Miss Swan returned with a surprise invitation. “They want to know if you want to help carry the tower?” I was astonished, and deeply honored, but I had to decline, sorrowfully. My lower back was giving me a lot of pain on that day. In a moment of clarity that surprised even me, Macho Man, I knew I would be a liability. That tower looked far too heavy for this gimpy guy. Too bad. Now that would have been a great bit for this article. Perhaps I should lie and say I did it. What do you think?
At last the funeral procession lumbered into motion, down the busy city street, scooters zipping by, men with long forked poles racing ahead to lift the power lines up high enough for us to scooch under.
Along the way another funeral procession, a light-weight, lower-caste affair, passed us like we were standing still.
Several city blocks later we turned into the cremation grounds, a park-like area with many large trees that provided shade for the hundreds of participants. Two, not one but two, full gamelan orchestras were taking turns providing music that I assume was appropriate to the occassion, but then, how would I know?
I found a place in the shade of the orchestra tent to watch the culmination of the event. Here we go. The body, looking like the Mummy in an old movie, was taken off the tower.
The tower itself was treated roughly, taken to one side and tipped over, later to be burned.
The body was carried over to the big black bull. Priests cut off the top of the bull and set it to one side.

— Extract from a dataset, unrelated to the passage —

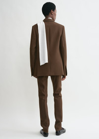 Following our focus on methodic repetition and building on signature styles, this TOTEME blazer is constructed from a structured fabric with a spongy hand feel. It has a relaxed straight silhouette with three flap pockets and full satin lining. Wear it as part of a tailoring edit. Details & Fit - Bark - Button front - Three flap pockets, internal pocket - Satin lining - 53% polyamide recycled, 43% wool RWS, 4% elastane; lining: 100% viscose - Dry clean - Style number 244-WRZ0045-FB0061 - The model is 180cm/5'11 tall and wears a size 36 - True to size, relaxed straight sillhouette

The body was placed inside the bull then unwrapped from it’s many layers of shroud.
Priests and priestesses performed various rites over the body. Gifts, food, flowers, and other objects were placed inside the cavity with the corpse. This process took more than an hour with non-stop gamelan tunes to set the mood. Over to the side, a rowdy gambling game got underway among the young men, peals of laughter and excited shouts of lamentation and exultation, depending upon the roll of the dice. I found it dis-respectful and annoying. “Knock it off, guys, I’M TRYING TO BE HOLY!”
Large men stacked banana tree logs and firewood under the bull casket, and with a whoosh of a propane torch set the whole shebang on fire.
After a while the charred corpse fell out of the bottom of the bull. Cremation guys collected the ashes which were given to the family to be spread at sea.
As the pyre died down, the party broke up. I found Miss Swan who delivered me to a driver for my trip back to Ubud. He was not interested in playing tour guide, and I was happy to sit in the back seat, silent and contemplative, watching the rice paddies drift by the window.